Throughout the paper, Seaton points out the “real-world” challenge of any new Ruby implementation: it simply must support all existing code, including C extensions! If you require developers to rewrite code for a new implementation, they probably won’t bother with it.
He also points out that CRuby’s C API is an implementer’s nightmare (my words, not his). It’s tightly coupled to CRuby’s implementation it provides direct access to CRuby’s memory (eg, string pointers).

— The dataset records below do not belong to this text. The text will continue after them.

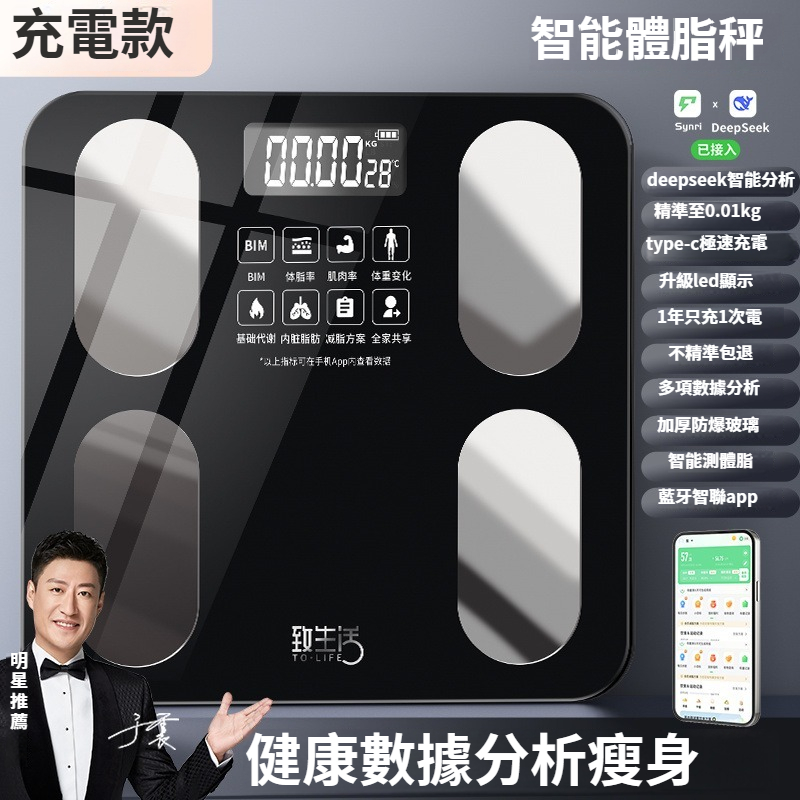 【明星推薦】耀世黑|測重無誤差+減肥專用【APP精準測脂體脂秤】TPC快充款
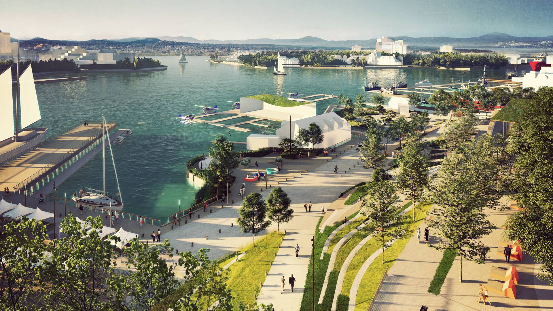 The Master Plan transforms what is currently a significant barrier to accessibility into a distinct destination for people-watching, playful exploration and spectator events while creating a universally accessible condition that seamlessly connects the waterfront with Victoria’s Downtown.
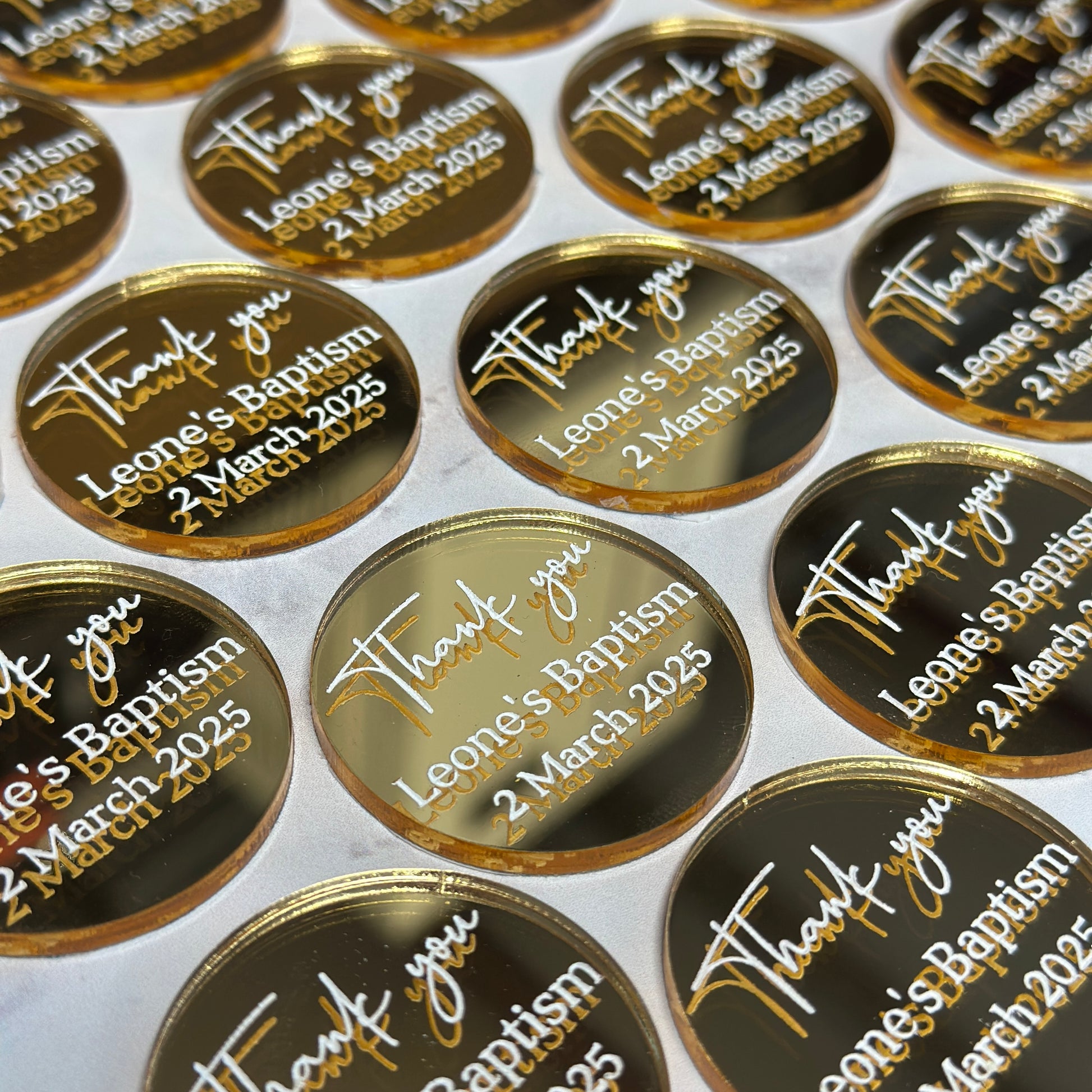 You can customise the size, shape, wording colour and font. Please CONTACT US to discuss the finer details.

Truffle’s design offers a solution to this problem. Truffle languages implement common interfaces for AST nodes and objects, meaning that they can be shared between languages! With this technique, JRuby+Truffle can implement Ruby’s C API by interpreting C with Truffle. Since it’s “just Truffle”, C and Ruby ASTs can be seamlessly merged. They are even optimized together, just like a pure-Ruby program.
Seaton describes some particular techniques for adapting the pre-existing TruffleC project to the Ruby C API. In typical fashion, JRuby+Truffle outpaces CRuby – even for C extensions!
The only remaining question I have is, how bad is warm-up cost in practice? All of JRuby+Truffle’s benchmarks are at “peak performance”, but the system is “cold” at start-up, and many triggers in the program can cause the system to de-optimize. Is JIT warm-up a real issue?
“Optimizing Ruby” was a great read. Although I found the subject matter quite challenging, the writing style and occasional illustrations helped me keep up. Practically speaking, I can’t use JRuby+Truffle until it runs all of Ruby on Rails, which isn’t the case yet. I’m eager to see how this project matures!